# Leonardo Leo (1694-1744)



## presto

Bet you've never heard of him!
What a find, I've recently purchased his 6 cello concertos (1737/8) and I cant stop playing them, they are absolute gems! 
He didn't compose much instrumental music, being mainly a successful opera composer, but he sure knew how to put together a fine concerto.
Dare I say these are much more interesting and extended works than similar concertos composed by Vivaldi at around the same time.
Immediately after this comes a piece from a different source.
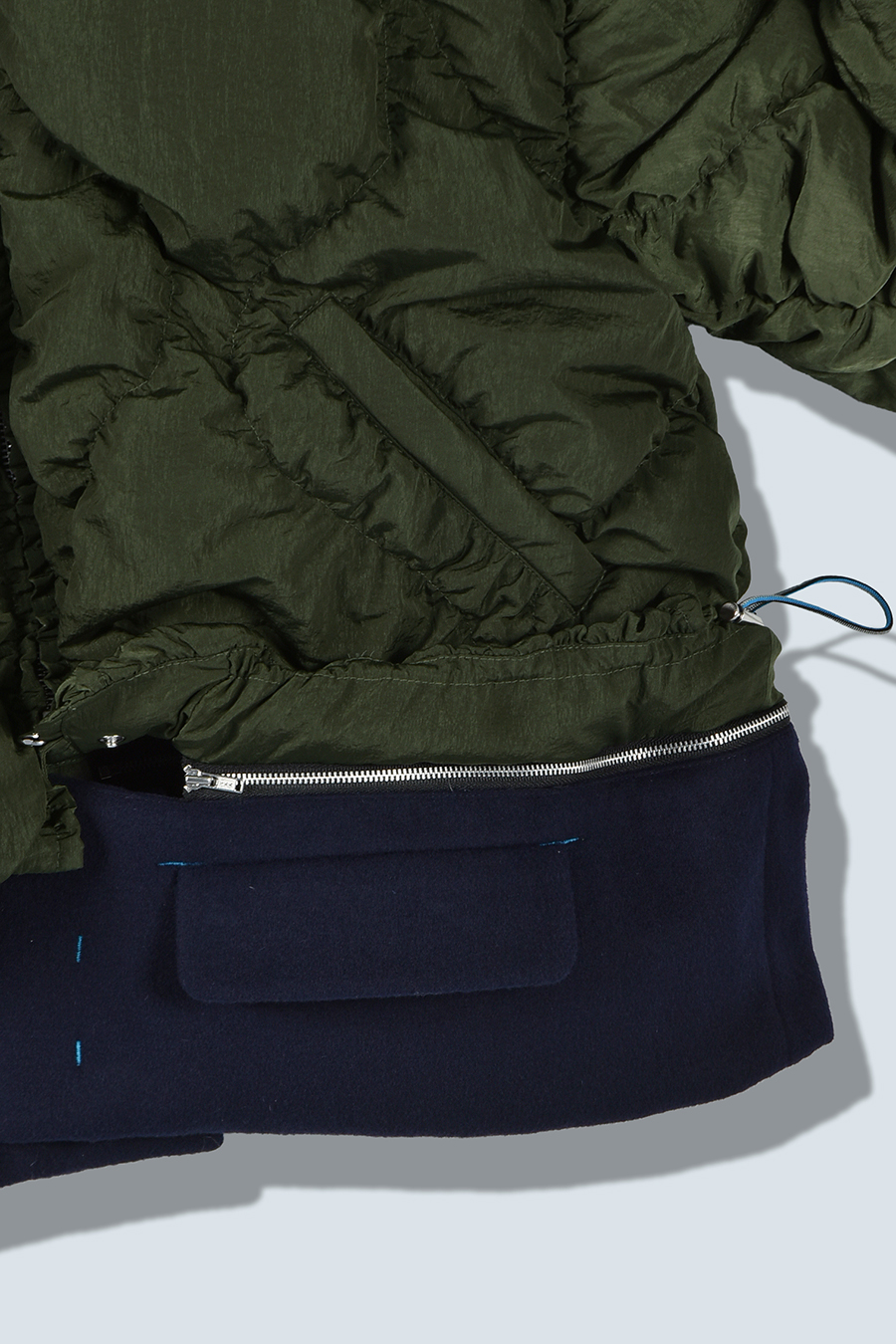 ウールコートをレイヤードしたようなデザインが目を引くダウンコート。裾にはファスナーで取り外せるウールパーツがあり、スタイリングの変化を楽しめる仕様です。

http://www.musicweb-international.com/classrev/2006/May06/Leo_Cello_CDDCA1169.htm


----------



## HarpsichordConcerto

Good catch, presto. I have these six cello concertos by Leo, plus other works including a couple of operas. Mine performed by Orchestra Van Wassenaer (on period instruments). Very lyrical pieces, which obviously showed his gift as a composer for the human voice.


----------



## Sid James

Thanks for posting, *presto*, just listening to one of his cello concertos now on youtube with the masterful Anner Bylsma. Haydn's first concerto esp. comes to mind a bit, actually quite a lot in some ways...


----------



## presto

HarpsichordConcerto said:


> Good catch, presto. I have these six cello concertos by Leo, plus other works including a couple of operas. Mine performed by Orchestra Van Wassenaer (on period instruments). Very lyrical pieces, which obviously showed his gift as a composer for the human voice.


Good one, it's interesting my performances aren't on period instruments, but as with most modern orchestras these days they've been influenced by the authentic movement and use very little vibrato with quite a lean string tone and lively tempos in the faster movements.
The English chamber orchestra certainly sound very much at home in this wonderful music.


----------



## hocket

Yeah, I've got the Bylsma version of the cello concertos and L'Alidoro which are both great. Another recording of his I really like is this:


----------



## Guest

Sol Gabetta includes a cello concerto (in D, 1738) from Leo Leonardo on her latest album - "Il Progetto Vivaldi 2". Must be Leo Leo's big comeback year.


----------